I'm getting ready to start on 13,300 ft of fence so I've been checking prices pretty close and the price of wire and t posts is much higher than the last time I bought fence materials. When you're buying somewhere in the neighborhood of 1400 posts and 40 rolls of wire even small price hikes make a big impact. I may have enough hedge to cut 1400 posts. Won't know until I start cutting.


----------



## Scrounger

Quint said:


> I generally go with 10ft.
> 
> I'm getting ready to start on 13,300 ft of fence so I've been checking prices pretty close and the price of wire and t posts is much higher than the last time I bought fence materials. When you're buying somewhere in the neighborhood of 1400 posts and 40 rolls of wire even small price hikes make a big impact. I may have enough hedge to cut 1400 posts. Won't know until I start cutting.


Thats EXACTLY why I scrounge for used posts for free and buy used ones at auction. Can't afford to buy new.


----------



## Quint

Scrounger said:


> Thats EXACTLY why I scrounge for used posts for free and buy used ones at auction. Can't afford to buy new.


I think I have enough hedge, probably more than enough, to cut enough posts to do the job. Trouble is that by the time I get the hedge posts cut I probably won't be able to get started on the fence. I may have to cut hedge posts this summer and fence nest summer. 1400 posts is a lot of cutting, cutting the scraps for firewood, cutting up the brush and putting it into piles. Lots of work for one man.

I haven't figured it out yet but considering what gas is running how much am actually saving by cutting hedge posts? Guess I won't know that until I go out and cut 100 posts and see how much gas it takes.


----------



## Ed Norman

A gallon of gas costs as much as a new T post. How many hedge can you cut on a gallon?


----------



## Scrounger

Quint said:


> I think I have enough hedge, probably more than enough, to cut enough posts to do the job. Trouble is that by the time I get the hedge posts cut I probably won't be able to get started on the fence. I may have to cut hedge posts this summer and fence nest summer. 1400 posts is a lot of cutting, cutting the scraps for firewood, cutting up the brush and putting it into piles. Lots of work for one man.
> 
> I haven't figured it out yet but considering what gas is running how much am actually saving by cutting hedge posts? Guess I won't know that until I go out and cut 100 posts and see how much gas it takes.

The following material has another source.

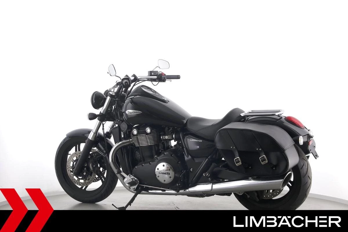 Eine Triumph Thunderbird Storm 1700 in sehr gepflegtem Zustand u.a. mit Chrom-Gepäcktrager sowie Triumph-Ledertaschen.

round here (SE Nebraska), 100 Hedge line posts (4"-5" diameter) will cost you $600 to $750. Gas ain't gonna cost your near that, just time.


----------



## Beeman

Spacing of T-posts is not nearly as important as strength of corners. Your corners bear all of the pressure. Also don't build any curves, straight angle pulls only and direction change requires wood posts built like corners. The tension changes from temperature and weight of the wire will pull a fence down without an animal ever getting near it.


----------



## HockeyFan

10 ft is what I've seen.


----------



## Slev

Avoid the temptation, stick with 8' !!!! That way if you get a bad spot or whatever reason, you can always splice in a 16' cattle panel without worry.


----------



## 3ravens

Ummmmm, OK, is there a post on HT somewhere about actually building a fence with proper corners and such? Or a link to another site? I would like to fence in the "orchard" this year so I can turn the dogs in there and keep the deer out! :grump: And then fence in the garden to keep out the chickens.....


----------



## FannyMay

We just fenced in a new 40 acre pasture. Infact they just got through spreading the lime yesterday. We used high tensil electric wire and used white fiberglass post that you drive inthe ground like you do a t-post, but we bought them used and we could put them at 30 feet apart and every 4th post we put a wooden post. We used wood post and also we used old power poles that we used a chain saw to cut to the length or height that we wanted our corner post and gate post to be. We did however use a 5 strand barbed wire fence against the road and the t-post there are 8 foot apart. The fiber glass post had holes already drilled in them and we just run the line through the holes and did not have to buy any insulators. It looks really nice.


----------